▸ Material shown
■ ■ ■ ■ ■
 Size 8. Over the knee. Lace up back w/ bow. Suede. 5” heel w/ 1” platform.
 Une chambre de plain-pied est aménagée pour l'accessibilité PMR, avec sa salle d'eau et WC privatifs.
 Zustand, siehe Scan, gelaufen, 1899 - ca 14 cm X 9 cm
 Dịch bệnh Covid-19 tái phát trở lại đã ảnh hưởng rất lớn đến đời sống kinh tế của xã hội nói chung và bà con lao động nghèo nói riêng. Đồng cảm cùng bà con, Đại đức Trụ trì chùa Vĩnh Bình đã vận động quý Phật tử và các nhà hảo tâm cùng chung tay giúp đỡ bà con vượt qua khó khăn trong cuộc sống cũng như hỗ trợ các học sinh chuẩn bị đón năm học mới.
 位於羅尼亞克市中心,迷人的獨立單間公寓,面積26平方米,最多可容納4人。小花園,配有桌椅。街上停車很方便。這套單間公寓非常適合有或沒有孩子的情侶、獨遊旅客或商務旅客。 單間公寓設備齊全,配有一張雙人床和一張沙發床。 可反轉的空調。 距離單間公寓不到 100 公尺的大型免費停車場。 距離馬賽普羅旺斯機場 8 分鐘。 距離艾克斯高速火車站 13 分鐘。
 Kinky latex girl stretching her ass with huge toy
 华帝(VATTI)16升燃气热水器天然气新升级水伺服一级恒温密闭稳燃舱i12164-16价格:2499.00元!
■ ■ ■ ■ ■
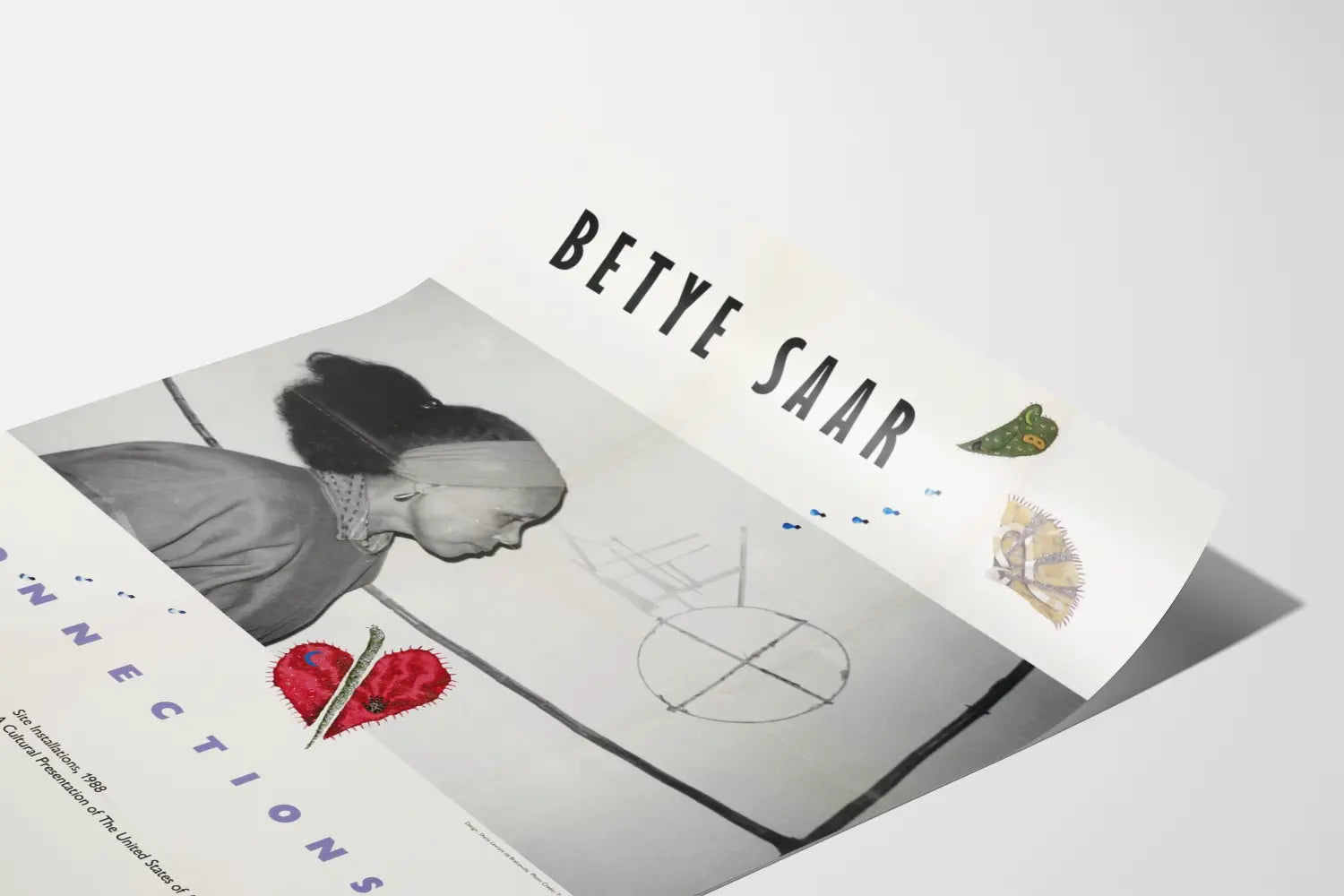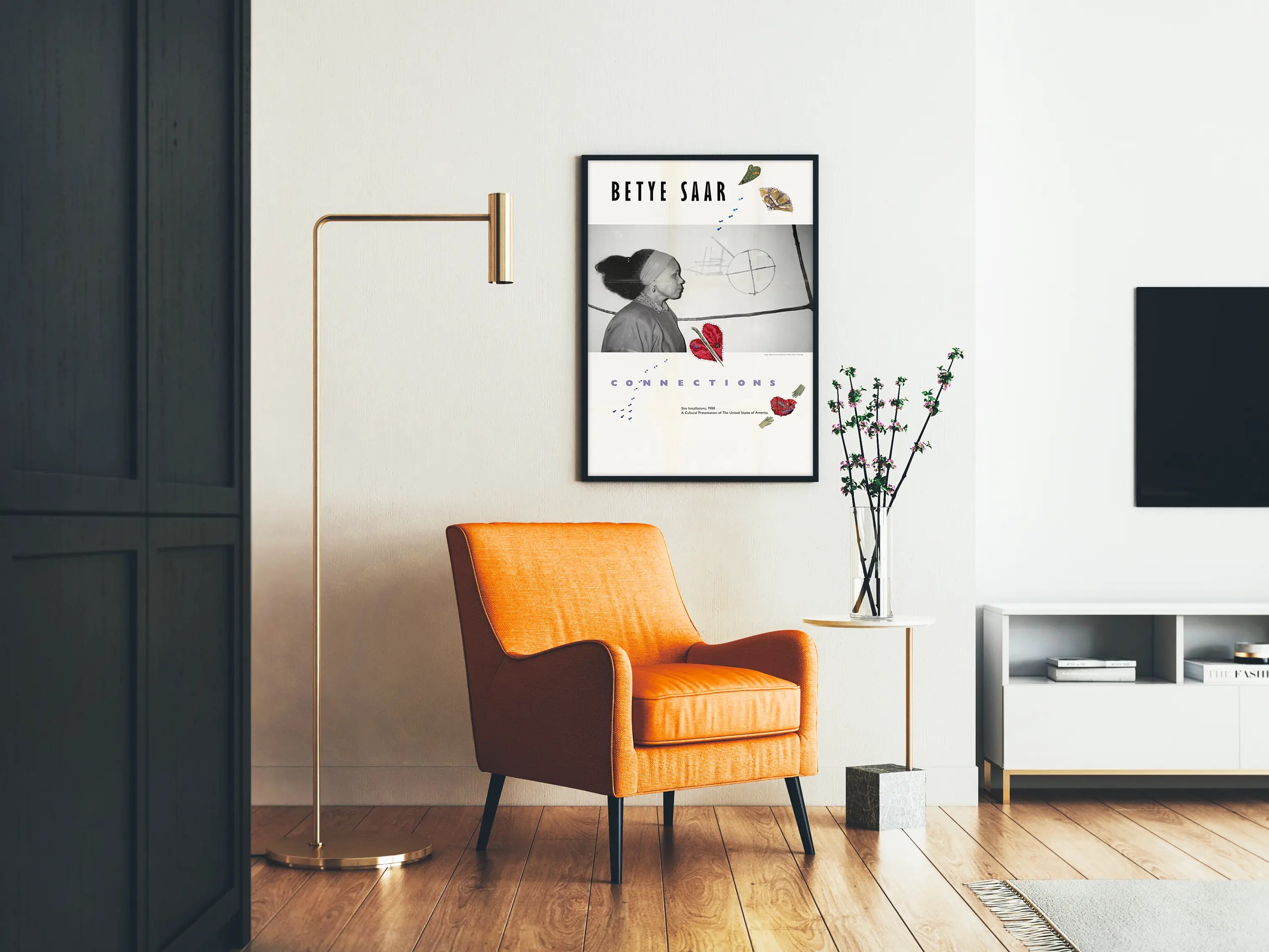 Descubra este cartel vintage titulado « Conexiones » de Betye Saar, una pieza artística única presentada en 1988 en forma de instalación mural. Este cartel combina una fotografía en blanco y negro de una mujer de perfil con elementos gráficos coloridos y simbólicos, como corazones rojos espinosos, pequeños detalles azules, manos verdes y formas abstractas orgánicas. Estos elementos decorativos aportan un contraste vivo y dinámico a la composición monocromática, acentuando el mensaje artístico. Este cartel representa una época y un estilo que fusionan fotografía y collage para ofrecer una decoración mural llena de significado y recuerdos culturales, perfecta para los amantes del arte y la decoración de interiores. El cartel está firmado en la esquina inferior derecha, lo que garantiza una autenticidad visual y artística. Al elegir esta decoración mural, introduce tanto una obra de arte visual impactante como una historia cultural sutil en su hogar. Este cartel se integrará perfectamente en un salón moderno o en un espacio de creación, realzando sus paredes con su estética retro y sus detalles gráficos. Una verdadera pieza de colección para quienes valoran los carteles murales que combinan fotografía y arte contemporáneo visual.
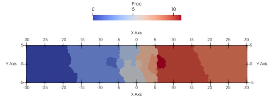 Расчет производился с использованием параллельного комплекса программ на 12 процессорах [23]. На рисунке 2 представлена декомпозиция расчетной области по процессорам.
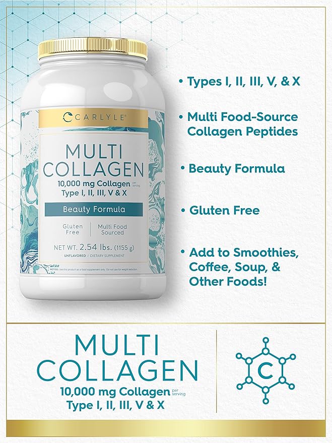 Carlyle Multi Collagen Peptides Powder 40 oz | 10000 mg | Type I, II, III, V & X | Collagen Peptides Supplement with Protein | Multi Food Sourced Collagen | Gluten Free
■ ■ ■ ■ ■
▸ What you need to do
Within the listing above, write out the stretch from the line with "Расчет производился с" through the line with "Carlyle Multi Collagen" exactly. Any pictures are to be left out.

▸ Solution for this task
 Расчет производился с использованием параллельного комплекса программ на 12 процессорах [23]. На рисунке 2 представлена декомпозиция расчетной области по процессорам.
 Carlyle Multi Collagen Peptides Powder 40 oz | 10000 mg | Type I, II, III, V & X | Collagen Peptides Supplement with Protein | Multi Food Sourced Collagen | Gluten Free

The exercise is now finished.